Pertahanan Rani mulai jebol. Matanya mulai berkaca-kaca siap tumpah. "Saya tidak hamil, Pak. Saya masih suci. Saya juga tidak punya pacar." ungkapnya. Damar masih setia menatap tajam gadis itu. "Bapak kenal Edi anak IPS 3 kan? Dia saudara sepupu saya, Pak. Dia selalu menghalangi setiap cowok yang ingin mendekati saya," jelasnya lagi.
"Lalu kenapa kamu tiba-tiba ingin menikah? Kamu masih muda, Ran. Masa depanmu masih panjang."
"Karena keluarga Edi ternyata mau mengorbankan saya untuk tumbal pesugihan yang mereka lakoni, Pak. Saya tidak tahu harus minta tolong sama siapa lagi selain sama bapak," sahut Rani.
"Kamu punya bukti?" selidik Damar. Pria itu masih curiga jika Rani bukan gadis baik-baik yang seperti ia sangka selama ini. Ia masih menganggap kalau Rani hanya mau menjebaknya untuk bertanggung jawab atas kehamilannya. Mungkin saja Rani hamil, tetapi tidak tahu siapa ayah dari bayi yang dikandungnya. Jaman sekarang apapun bisa dilakukan dalam keadaan sedang terdesak.

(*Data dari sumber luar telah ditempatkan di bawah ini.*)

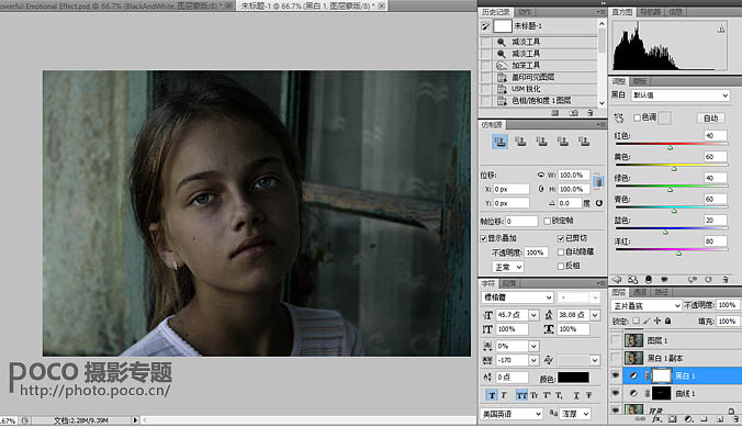 2、创建一个黑白调整图层(图层>新调整图层>黑白),设置混合模式为正片叠底。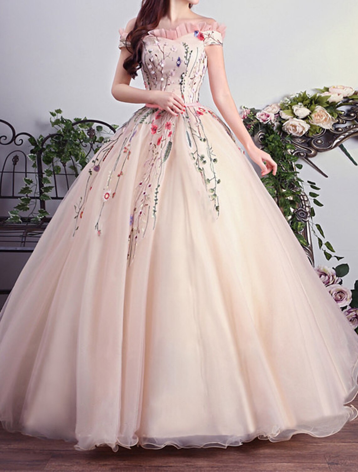 Ball Gown Prom Dresses Luxurious Dress Quinceanera Prom Floor Length Short Sleeve Off Shoulder Tulle with Pleats Embroidery

"Saya memang tidak sempat merekam pembicaraan mereka, Pak. Tapi saya jelas mendengar percakapan mereka kalau malam Jumat Kliwon yang akan datang mereka akan menyerahkan saya kepada Mbah Suryo, dukun pesugihan mereka," sahut Rani yang sudah mulai terisak.
"Cih, air mata buaya betina," cibir Damar dalam hati. "Bagaimana saya bisa percaya kalau kamu tidak ada bukti?" tanyanya meremehkan.
"Bapak bisa menalak saya langsung ketika bapak sudah mendapatkan kesucian saya," cetus Rani seketika.
Rani sendiri tidak percaya ia bisa mengucapkan kalimat tersebut dengan lancar. Sudah kepalang tanggung, jika ia mundur ia akan malu sendiri. Ia juga harus membuktikan kepada mantan gurunya tersebut bahwa ia bukan cewek murahan seperti yang pria itu ucapkan. Rani bisa menjaga dirinya meskipun ia belum bisa menutup auratnya.
"Baiklah, tapi kamu tahu kan saya ini pria beristri dan anak. Saya harus mendapatkan ijin dulu dari istri saya," ucap Damar menyanggupi. 'Mungkin sudah saatnya kamu test drive,' lanjutnya dalam hati sembari mengelus sesuatu di pangkal pahanya.
"Kenapa harus meminta ijin? Pernikahan kita kan singkat saja, Pak. Selanjutnya Bapak akan menjalani hidup bersama istri bapak," protes Rani.
"Saya bukan orang yang suka mempermainkan sebuah pernikahan," ucap Damar tegas. Pria itupun mulai melajukan mobilnya kembali.
Azan Maghrib mulai berkumandang mengiringi perjalanan mereka. Damar menghentikan mobilnya di depan sebuah toko pakaian yang masih buka.
"Kenapa kita berhenti di sini, Pak?" tanya Rani.
"Memangnya kamu mau menikah dengan pakaian seperti itu? Apa kata orang nanti?" sergah Damar. "Kamu tunggu di sini saja, nanti lama lagi kalau kamu yang pilih," cegah Damar saat melihat Rani hendak keluar dari dalam mobil.
Rani pun menutup kembali pintu di sampingnya yang tadi sempat ia buka. Gadis itu memandangi punggung Damar yang masuk ke dalam toko.
Saat menunggu damar keluar dari dalam toko Rani kembali memikirkan apakah tindakannya ini sudah tepat. Semua serba mendadak tanpa Rani memperhitungkannya terlebih dahulu. Namun, Rani sudah pasrah apapun yang nantinya akan terjadi. Yang terpenting sekarang secepatnya ia bisa melepaskan keperawanannya agar tidak bisa diserahkan kepada jin pesugihan bude Aqomah oleh Mbah Suryo.
"Ampuni hamba ya Allah, hamba tidak tahu lagi cara apa yang harus hamba lakukan untuk menghindar dijadikan tumbal pesugihan Bude Aqomah. Hamba pasrahkan kepada-Mu hidup dan mati hamba. Takdir apapun yang akan menimpa hamba, hamba akan menerimanya dengan ikhlas," ucap Rani lirih.